Two of those cases spuriously aim to punish him for challenging the 2020 outcome in an unprecedented maneuver that could have chilling constitutional implications and ultimately come back to haunt Democrats.
“Rather than releasing the Report on the Rigged & Stolen Georgia 2020 Presidential Election on Monday, my lawyers would prefer putting this, I believe, Irrefutable & Overwhelming evidence of Election Fraud & Irregularities in formal Legal Filings as we fight to dismiss this disgraceful Indictment,” Trump wrote on his social media site Thursday in announcing his reversal.
Trump had announced that he would be holding the event hours after a Fulton County grand jury voted to charge him and 18 others late Monday in an ambitious lawfare attack led by District Attorney Fani Willis, who campaigned on the promise to indict the then-president in 2020.

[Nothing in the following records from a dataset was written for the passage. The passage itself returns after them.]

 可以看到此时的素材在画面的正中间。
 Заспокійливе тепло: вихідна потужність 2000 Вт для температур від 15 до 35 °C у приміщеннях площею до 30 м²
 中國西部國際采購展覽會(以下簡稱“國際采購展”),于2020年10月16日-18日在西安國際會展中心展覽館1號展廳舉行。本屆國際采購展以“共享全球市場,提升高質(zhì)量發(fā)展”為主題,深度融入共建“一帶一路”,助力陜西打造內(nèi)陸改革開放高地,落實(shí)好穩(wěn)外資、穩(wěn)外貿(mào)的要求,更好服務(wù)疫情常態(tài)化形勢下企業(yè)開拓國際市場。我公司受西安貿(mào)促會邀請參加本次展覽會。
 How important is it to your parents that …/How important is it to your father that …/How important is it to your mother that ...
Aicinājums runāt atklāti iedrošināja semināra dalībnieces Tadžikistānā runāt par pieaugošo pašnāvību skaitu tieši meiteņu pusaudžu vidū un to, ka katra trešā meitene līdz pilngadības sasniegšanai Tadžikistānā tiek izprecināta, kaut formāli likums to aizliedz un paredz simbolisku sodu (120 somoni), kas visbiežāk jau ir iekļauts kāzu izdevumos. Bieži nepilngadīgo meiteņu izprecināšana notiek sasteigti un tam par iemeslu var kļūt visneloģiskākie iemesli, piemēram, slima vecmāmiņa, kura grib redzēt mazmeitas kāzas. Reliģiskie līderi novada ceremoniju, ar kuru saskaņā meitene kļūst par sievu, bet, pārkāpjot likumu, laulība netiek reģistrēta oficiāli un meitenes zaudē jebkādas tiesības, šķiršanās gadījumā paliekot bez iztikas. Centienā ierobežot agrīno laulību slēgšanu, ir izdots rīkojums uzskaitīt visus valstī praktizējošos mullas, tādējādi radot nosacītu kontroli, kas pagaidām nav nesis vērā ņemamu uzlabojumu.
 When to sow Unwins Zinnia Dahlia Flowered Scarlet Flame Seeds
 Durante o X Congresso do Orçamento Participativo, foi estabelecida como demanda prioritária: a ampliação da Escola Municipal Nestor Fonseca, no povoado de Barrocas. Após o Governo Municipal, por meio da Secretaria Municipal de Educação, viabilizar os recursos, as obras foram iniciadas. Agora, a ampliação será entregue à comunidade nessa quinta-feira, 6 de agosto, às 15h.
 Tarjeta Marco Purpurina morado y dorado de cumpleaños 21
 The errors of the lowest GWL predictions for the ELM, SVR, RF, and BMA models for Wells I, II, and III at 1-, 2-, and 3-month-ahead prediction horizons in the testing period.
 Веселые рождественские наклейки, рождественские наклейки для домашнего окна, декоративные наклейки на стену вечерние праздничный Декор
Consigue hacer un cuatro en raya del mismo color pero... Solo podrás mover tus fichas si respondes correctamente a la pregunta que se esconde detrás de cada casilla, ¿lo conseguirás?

Trump had said he would use the “major News Conference” at his Bedminster, New Jersey, golf club Monday morning to release what he claimed was an “almost complete” report that would exonerate him.
A federal judge overseeing the election conspiracy case brought against Trump in Washington last week warned him that there are limits to what he can publicly say about evidence in the investigation as he campaigns for a second term in the White House.
The judge said that the more “inflammatory” statements are made about the case, the greater her urgency will be to move quickly to trial to prevent witness intimidation or jury pool contamination.
“I will take whatever measures are necessary to safeguard the integrity of the case,” she said.
Still, Trump has made clear that he sees the cases brought against him in Georgia and Washington as an opportunity to try to relitigate 2020 election fraud allegations, many of which were dismissed in court not on their merits but due to lack of standing, laches and other technicalities that fall largely on the discretion of the judges.
Trump’s renewed attacks on the integrity of Georgia’s vote this week drew swift criticism from state’s Republican Gov. Brian Kemp, whom Trump had tried to lobby as part of his efforts to overturn his loss in the battleground state.
“The 2020 election in Georgia was not stolen. For nearly three years now, anyone with evidence of fraud has failed to come forward – under oath – and prove anything in a court of law,” Kemp wrote on X, the site formerly known as Twitter.
Former Vice President Mike Pence, whom Trump had tried to pressure to unilaterally overturn the results of the election and who is now challenging Trump for the Republican nomination, echoed that message.
“The Georgia election was not stolen and I had no right to overturn the election on January 6th,” he said this week.